No one thought much of their chances at the beginning of the season. But the Palmyra girls’ basketball team didn’t take it personally, just because outside noise really doesn’t matter all that much.
Apparently, the Cougars who prey together stay together.
“No one expected this, and now we’re fighting for the title,” said Palmyra’s fourth-year head coach, John Polly. “At the beginning of the season, we were the hunters. Then we became the hunted. Now we have the bullseye on our back. We’re getting everyone’s best shot, so we have to be on top of our game.”
To a degree they’re still flying very much under the radar, but the Palmyra girls have been one of the feel-good stories of Lebanon County’s winter sports season. It’s a story that revolves around overachieving, coming together and hard work.
With many of their preseason goals still in front of them, the Cougars are currently focused on sharing a Mid-Penn Keystone Division championship with Mechanicsburg. At 15-5 overall and 11-2 in the division, Palmyra can attain that accomplishment with a road win at Red Land on Saturday evening.
But there is also the upcoming District Three tournament to consider. Palmyra is currently seeded seventh in an AAAAA classification which takes 14 teams for its playoffs,
“That’s what our focus is right now,” said Polly of the Keystone crown. “It would absolutely be a great accomplishment if we could get there.
“These girls don’t want this to end,” continued Polly. “None of them have made a state tournament. We think that’s within our reach.”
What makes the Cougars’ campaign even more remarkable is where they started and how far they’ve come. Palmyra is just a year removed from a disappointing 5-17 season.
“It was frustrating,” said Polly. “We were close last year, but we weren’t quite there. We didn’t want to repeat that. The more we’ve won, you could see the commitment level keep rising. It’s become contagious. They (his players) take the losses hard. Our (coaches’) job is to make sure they’re prepared. There’s still work to be done and a lot of season to be played.
“I wouldn’t say that we’ve overachieved,” Polly added. “I knew we could be pretty good if the chemistry was right, if the girls played for each other. I was cautiously optimistic at the beginning of the season. Once we got rolling, we had to make little tweaks here and there to make it more productive for them.”
A preseason poll of Mid-Penn Keystone Division coaches picked Palmyra to finish sixth in this year’s standings.
“I think they all came in with those expectations,” said Polly of his players’ collective focus on improvement. “But I’m not sure they were this high. Our summer season was very productive. The new pieces got a chance to get on the court with each other. We didn’t have to build that chemistry. We could hit the ground running.

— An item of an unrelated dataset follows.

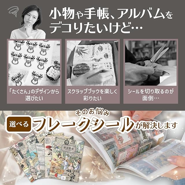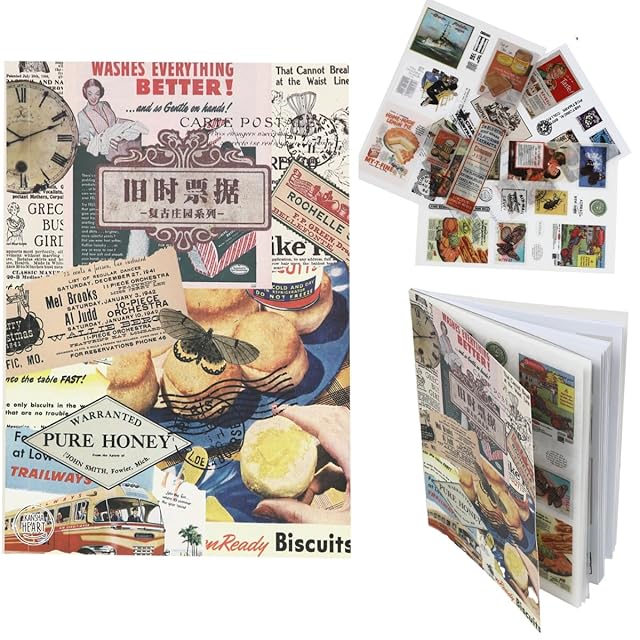 Kansha Heart 20ページ約250種 コラージュ 素材 フレークシール コラージュ素材 シール ステッカー スクラップブッキング マステ素材 シールブック ジャンクジャーナル ビンテージ 切手 透明シール 手帳 アルバム フォトブック (アメリカン/アンティーク)

“We’ve only lost one game that was out of reach,” Polly continued. “We’re in every game because of our defense. But we don’t need to hold teams to 20 points to win. When we have good offensive games, we can separate from people.”
Palmyra’s very good season hasn’t been without its challenges, its ups and downs.

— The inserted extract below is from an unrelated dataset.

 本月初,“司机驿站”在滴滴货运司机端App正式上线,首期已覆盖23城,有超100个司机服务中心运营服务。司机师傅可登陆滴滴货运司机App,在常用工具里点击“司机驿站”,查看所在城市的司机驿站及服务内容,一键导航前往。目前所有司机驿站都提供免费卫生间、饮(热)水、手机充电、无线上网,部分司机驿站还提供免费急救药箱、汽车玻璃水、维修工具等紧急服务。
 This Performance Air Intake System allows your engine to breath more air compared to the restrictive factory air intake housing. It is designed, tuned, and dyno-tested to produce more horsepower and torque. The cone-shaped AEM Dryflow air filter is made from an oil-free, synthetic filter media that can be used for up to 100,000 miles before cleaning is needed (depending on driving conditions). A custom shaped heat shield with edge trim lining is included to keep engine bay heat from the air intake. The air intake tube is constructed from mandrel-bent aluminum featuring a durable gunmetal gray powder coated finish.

Despite back-to-back defeats to Lebanon and Cedar Crest early, the Cougars started the year 13-2. Over the last five outings, Palmyra has gone just 2-3.
“These girls log a lot of minutes,” said Polly. “The girls are conditioned well and they’re fine with it. But we’ve had some injuries and some illnesses.
“I’d say our biggest challenge has been managing a short roster,” added Polly. “Our starting five plays almost the whole game every game. I have to make sure I’m not overworking them.”
The chemistry piece has also shaken out well for the Cougars. Seniors Keely Bowers and Emma Sibbach are the leaders, but it may have been the infusion of sophomores Addi Salus and Mya Doster that caused Palmyra to really take off.
“I think the key to success has just been getting all the girls on the same page,” said Polly. “You need to be connected defensively and share the ball offensively. This group of girls has really bought into that idea. We find the hot hand. It’s all about winning games. It doesn’t matter who gets the accolades. It’s all about ‘we’ and not about ‘me.’”
“Now Keely isn’t the focus of every defense,” continued Polly. “It’s a pick-your-poison kind of thing. We have more diversity in scoring. It gives us a little more dimension.”
Very much of the story of the 2023-24 Palmyra girls’ basketball team has yet to be written. And while the Cougars are far from satisfied, nothing that happens from here on out could taint their success.
“I’m really proud of the girls’ dedication,” said Polly. “They come ready to work every day. This group collectively wants to succeed. That makes coaching relatively easy.
“All the reward I get is seeing these girls succeed,” concluded Polly. “They get all the credit. All I try to do is point them down the road.”